Ecrit par Vale Levin, traduit de l’espagnol par Faustine Sigal

 

S’il y a un endroit qui est généralement redouté par les étudiants, c’est la salle des professeurs. Parfois un sombre recoin, d’autres fois dans un endroit central pour avoir un panoptique de l’école ou de la récréation. Dans cet espace, les enseignants se réunissent impatiemment lorsque la cloche sonne pour la récréation, presque aussi impatients que les élèves, afin de faire une pause et profiter d’un café, d’un thé ou d’une bonne conversation. Il y règne généralement comme un murmure constant. Là, beaucoup décident de continuer leur cours, mais auprès de leurs pairs. Parfois, l’ambiance est festive après les vacances d’hiver ou d’été. Parfois, l’ambiance est tendue, surtout lorsque la conversation se tourne vers la politique, par exemple. Le plus drôle, c’est que pour de nombreux étudiants, la salle des professeurs est un endroit mystérieux.
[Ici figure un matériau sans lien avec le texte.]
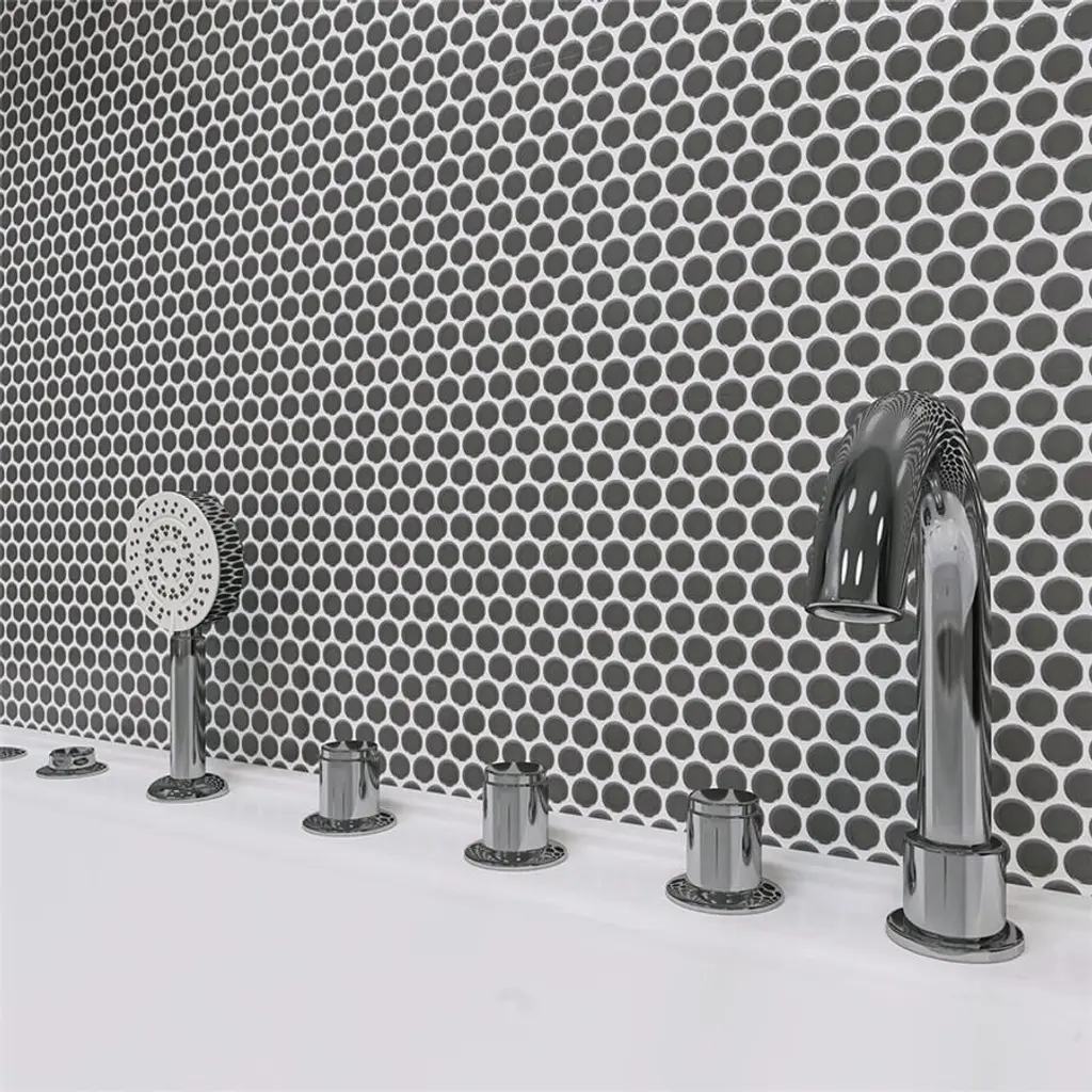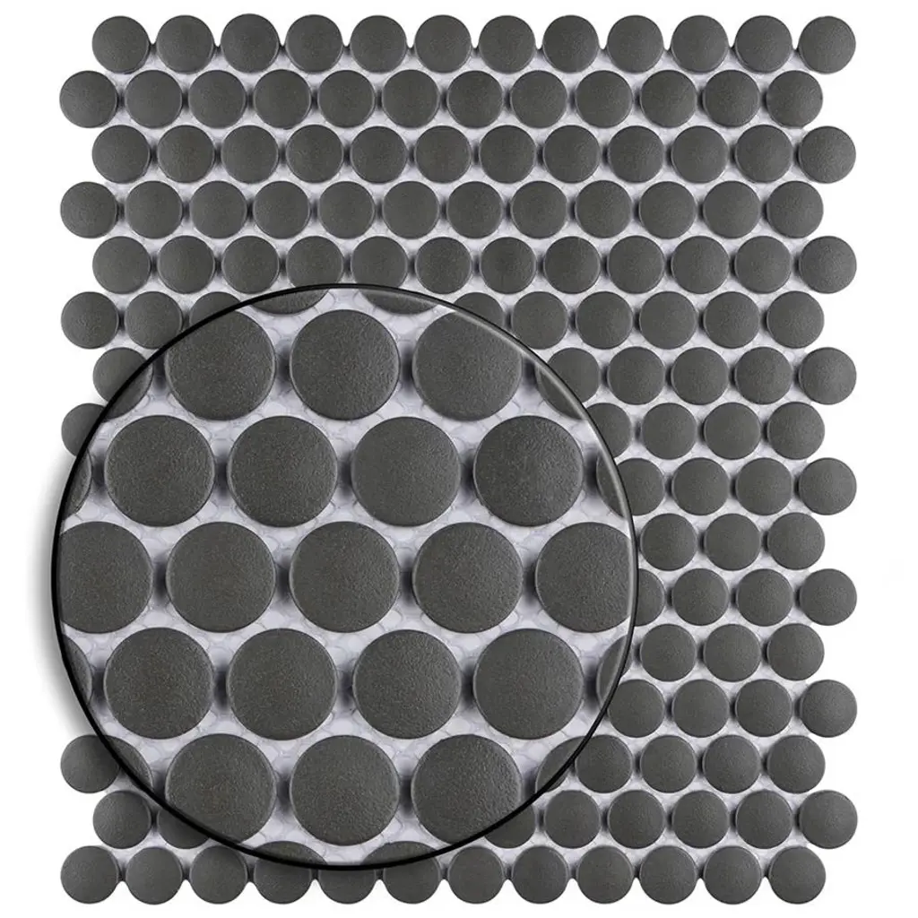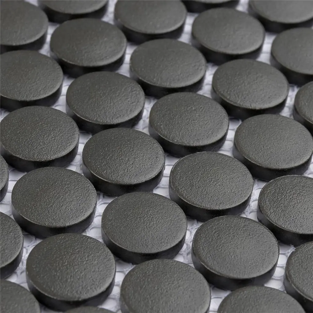 Transform your space into a tribute to retro design with our Gotham Penny Round Black 9-3/4" x 11-1/2" Unglazed Porcelain Mosaic Tile. As a modern deviation from the classic mosaic, this fresh option is a throwback to traditional retro design with a contemporary feel. Unglazed charcoal black penny rounds are arranged on an interlocking mesh to create a seamless installation. This minimalistic porcelain mosaic is unique yet simplistic enough to integrate into any design, ranging from traditional style renovations to modern home projects. Its impervious and frost-proof features make this an ideal tile for both commercial and residential indoor and outdoor use, including backsplashes, bathrooms, showers, kitchens and entryways. Tile is the better choice for your space. This tile is made from natural ingredients, making it a healthy choice as it is free from allergens, VOCs, formaldehyde and PVC. Note: Due to the unglazed nature, we recommend sealing this tile. 7.97 square feet, 10 pieces per case. Case weight is 18.73 lbs. Grade 1, first-quality porcelain tile for floor and wall use. 9.75 in. width x 11.5 in. length x 0.25 in. mm thick mesh-mounted mosaic. 0.88 in. W x 0.88 in. L pieces Sample Dimension: A sample of this product may be a partial piece cut from the full size tile in order to provide an affordable and convenient way for customers to judge the quality and finish of this item. Unglazed, slightly textured finish with a low sheen and uniform appearance in tone P.E.I. Rating IV has high resistance to abrasion and is suitable for heavy-duty residential and commercial kitchens, hotels, exhibition and sales rooms with some dirt conditions Impervious tiles have a water absorption of less than 0.5% for indoor and outdoor use and is frost resistant Completely frost resistant for indoor or outdoor applications; use a latex-modified thinset for acceptable bond strength Commercial and Residential usePlease note: A sample of this product may be a partial piece cut from the full size tile in order to provide an affordable and convenient way for customers to judge the quality and finish of this item. Samples are not returnable.
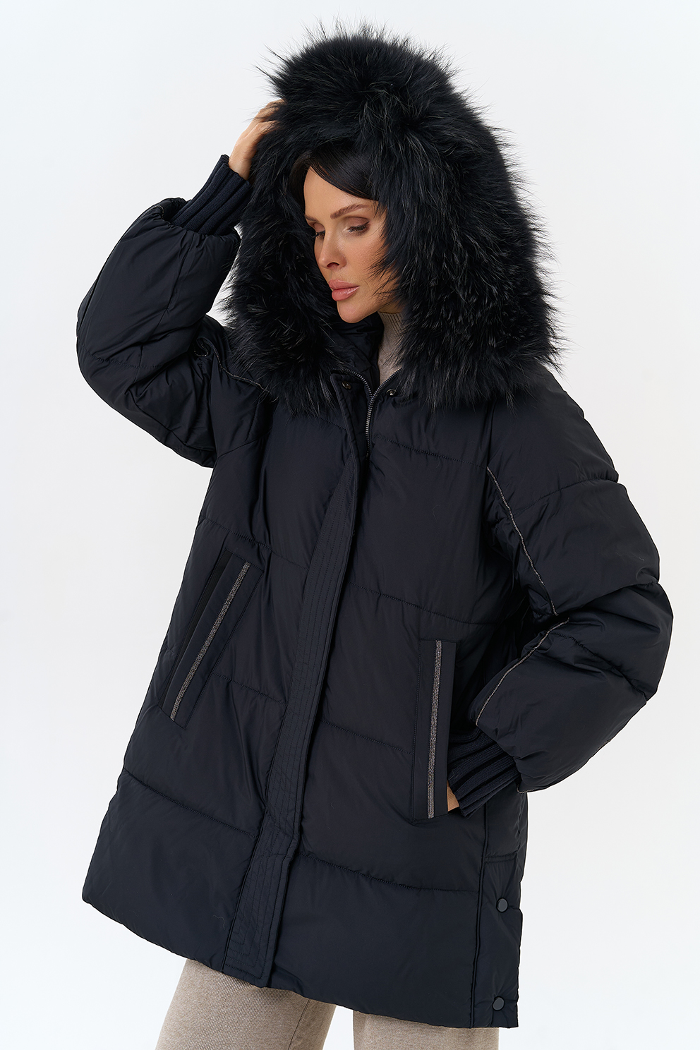 Крой воротника - капюшон, отделка енот
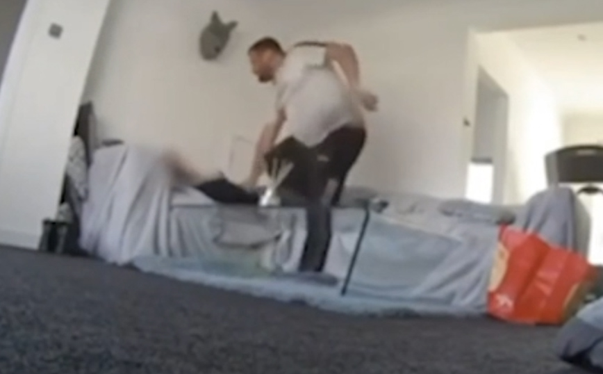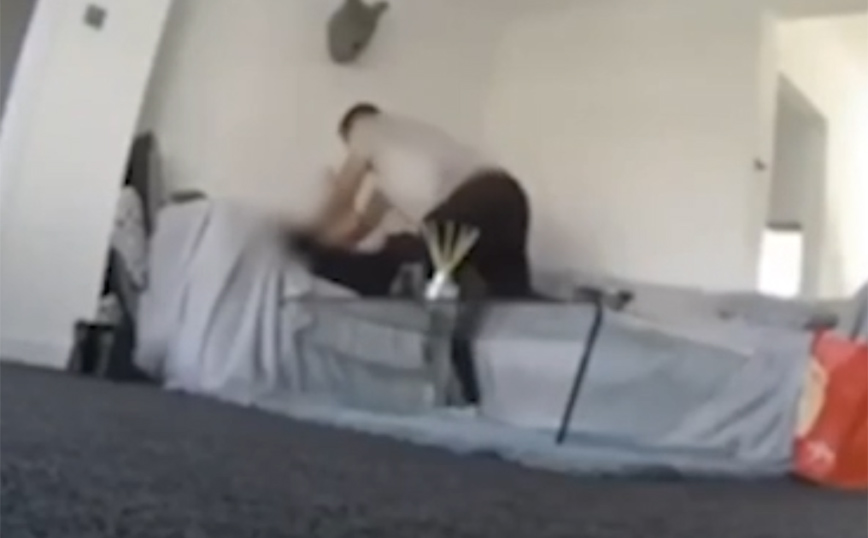 Οι σοκαριστικές εικόνες καταγράφηκαν κρυφά από την κάμερα στο σαλόνι.

Tellement mystérieux qu’un élève m’a demandé un jour: « Comment les professeurs se battent-ils dans la salle des professeurs? » Ce mot; « se battre » est resté dans ma tête. D’autant que le terme n’était pas de se disputer mais de se battre.

 

Pendant de nombreuses années, j’ai enseigné dans des écoles publiques, dans des zones défavorisées, avec une population très vulnérable. Les codes y sont singuliers. Les mots sont différents. Les ressources sont autres. Les inégalités sociales amènent parfois à comprendre que les outils sont limités et il m’a été très difficile de faire comprendre à mes élèves que leurs ressources pourraient être plus étendues, notamment sur le plan matériel. J’ai perdu cette bataille. Mais il y avait une autre bataille que j’étais plus que déterminée à livrer et c’était la bataille des mots. J’étais sûr que quelle que soit l’origine de mes élèves, le peu de chance qu’ils avaient à la maison, sur le plan linguistique, ils pourraient aller beaucoup plus loin que là où ils se trouvaient. Vraiment très loin. Les bagarres étaient courantes à la récréation, au point que les choses devenaient souvent incontrôlables. Et je ne veux pas dire la violence soit inhérente aux contextes vulnérables. Non, en aucun cas : la violence peut se produire dans toutes les sphères sociales et il est de notre devoir en tant qu’éducateurs de l’éradiquer, comme les inégalités. Mais la vérité, c’est qu’à chaque fois que mes élèves ont eu recours aux coups, il était très difficile pour moi de leur faire comprendre que tout pouvait être résolu avec la parole. Un jour, un élève m’a dit « mais vous, dans la salle des professeurs, vous vous battez, et quand sonne la cloche, vous retournez en classe et vous oubliez votre bagarre ». C’était drôle comme mon élève voulait me faire comprendre sa fureur à travers un exemple qu’il pensait s’appliquer ma réalité alors qu’en réalité ce n’était pas le cas. Il était vrai qu’il y avait des bagarres dans la salle des professeurs mais nous n’allions jamais jusqu’à utiliser la violence pour résoudre les altercations. Il n’était pas non plus question d’oublier le conflit lorsque la sonnette retentissait. Le conflit continuait mais de manière discursive, toujours dans le domaine du mot.

 

Récemment, ma très chère collègue Faustine m’a fourni des sources pour comprendre ce qui se passe dans ces combats, du point de vue du judaïsme: «Toute dispute qui est pour le bien du ciel, durera à la fin. Mais celui qui n’est pas pour l’amour du ciel ne durera pas. Quelle est la controverse qui est pour l’amour du ciel? C’était la controverse Hillel et Shammaï.” (Pirkei Avot) Hillel et Shammaï avaient de profonds désaccords mais ils ne disputaient pas pour se convaincre ou pour obtenir la victoire finale. Au contraire, ils le faisaient fait pour découvrir la vérité à travers le regard de l’autre. Parfois, nous rions et plaisantons avec la blague classique «deux juifs, trois opinions». Mais cette blague a un arrière-plan qui peut être lié à ces sources. On peut débattre de sa position, écouter celle de l’autre et même prendre une troisième opinion en guise de conclusion. Et comme c’est beau quand cela se produit! Car cela signifie que nous étions dans ce dialogue perméables à l’opinion de l’autre, ouverts à accepter un autre point de vue. C’est cela le judaïsme : une culture qui encourage le débat, ouvre les portes aux différences et permet l’échange d’idées non pas en vue du simple triomphe de l’un sur l’autre, mais principalement dans la poursuite de l’idée de pluralité de vues. C’est peut-être cette diversité qui nous fait penser si profondément que peut-être nous fuyons le sujet ou peut-être, simplement, nous l’enrichissons discursivement et intellectuellement.